Posted By:   |  06 Jun 2009   |  7:56 am GMT  |  0 comments

I wrote a piece on the ITV F1 website yesterday looking at the prospects for the FOTA teams to start their own breakaway series, which they are being encouraged to do by FIA president Max Mosley.

I mentioned that Max always makes the point that the FIA owns F1 and if teams don’t like it they can go and race elsewhere. The teams of course believe that they are the show.

Mosley compares the role of teams in F1 to patrons in a restaurant; they may eat there every day and spend a great deal of money doing so, but that doesn’t mean they own the restaurant.

Mosley: The Gordon Ramsay of F1?

Mosley: The Gordon Ramsay of F1?

Well overnight I received this message, I won’t say who it’s from, which I though I would share with you,

“When you eat in a restaurant, you don’t have to buy the food, bring the food, create the recipes, bring the chefs, bring the waiters, and cook it and serve it to yourself, do you?

“Whereas, in Formula 1, the teams do indeed do the equivalent of that (ie, pay for the factories in which the cars are built, hire and pay the workers who design and build them, hire and pay the drivers who drive them, hire and pay the guys who run them at races, hire and pay the guys who find the sponsors who in turn help pay for it all, etc etc).

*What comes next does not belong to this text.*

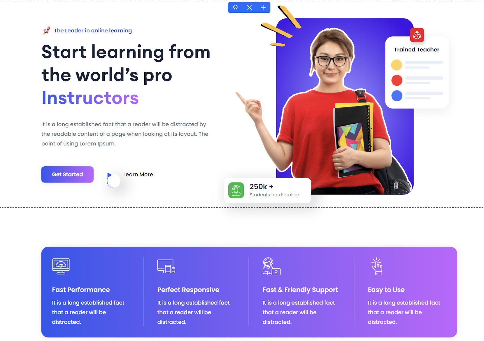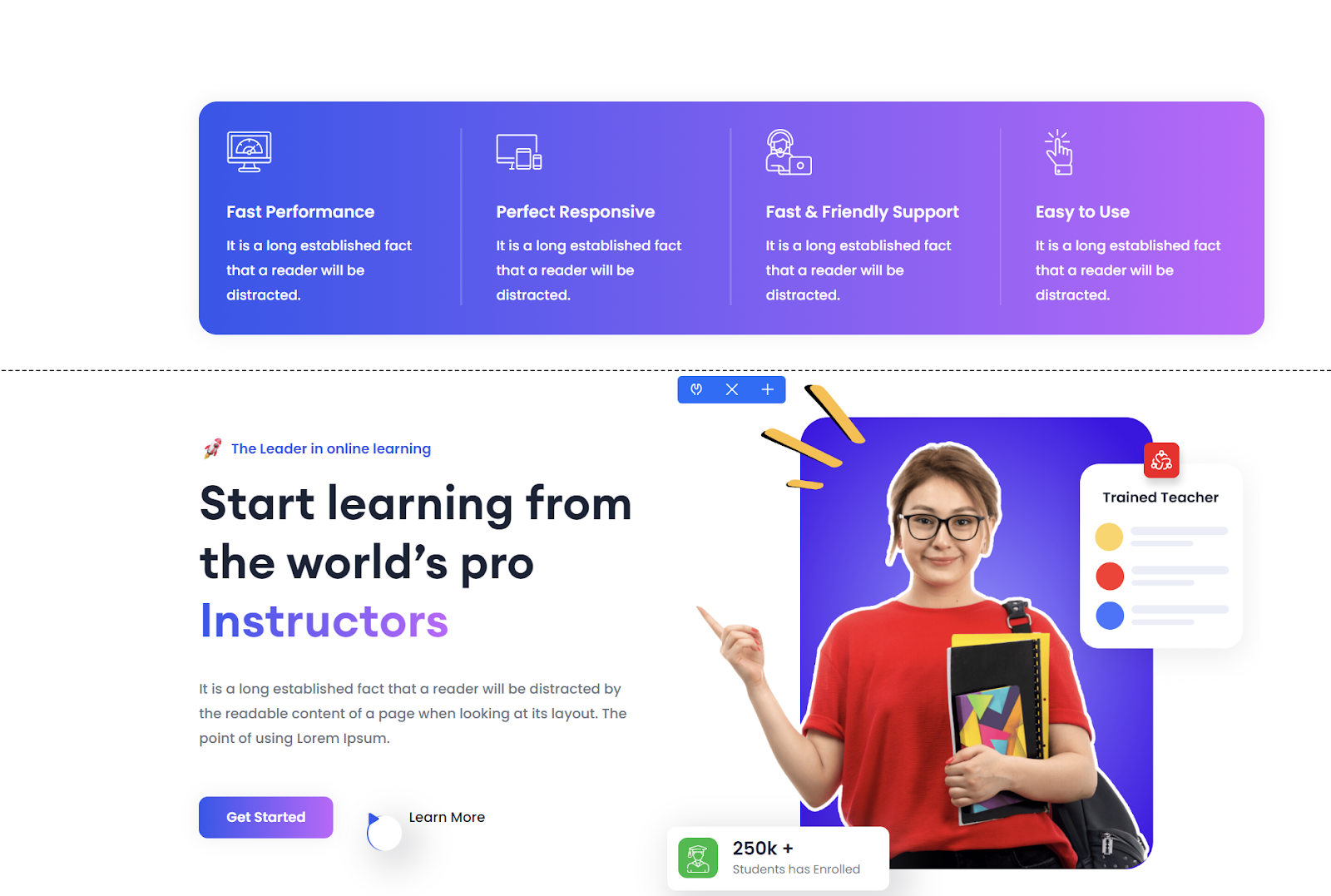Create your own customized home pages in Academy LMS Laravel with the custom homepage builder feature. Easily design and manage multiple pages on the Academy LMS Laravel homepage, and choose exactly how you want the homepage to appear.
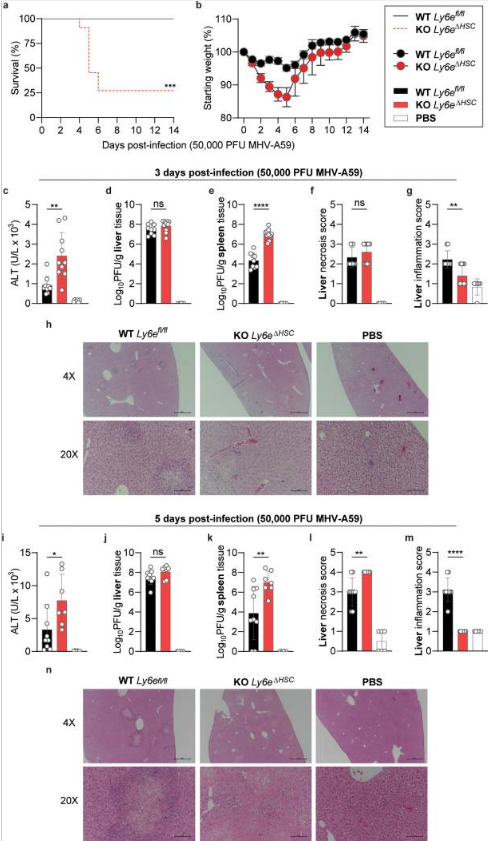 图注:ab:雌性Ly6eflox/flox和Ly6e△HSC小鼠注射PBS或MHV后的存活率(a)和体重减轻情况(b);c~n:感染后3(c~h)或5(i~n)天血清中ALT(c,i)、肝脏(d,j)和脾脏(e,k)中的病毒滴度以及肝坏死和炎症(fh,In)。

“A more accurate analogy of what the FIA provides would be an empty room in which one was allowed to provide the kitchen equipment and the staff, at one’s own expense, and then cook and serve the meal to oneself.”

There is of course another dimension to this, which is the television coverage.

No-one televises you eating in a restaurant (unless you are on Hell’s Kitchen or some daft programme) but the F1 teams put on a spectacular show, which raises around £800 million a year in revenues from TV companies, of which the teams receive 50%.

That is where the key to this lies. What exactly is the show, is it the restaurant itself or is it the quality of what the teams serve up?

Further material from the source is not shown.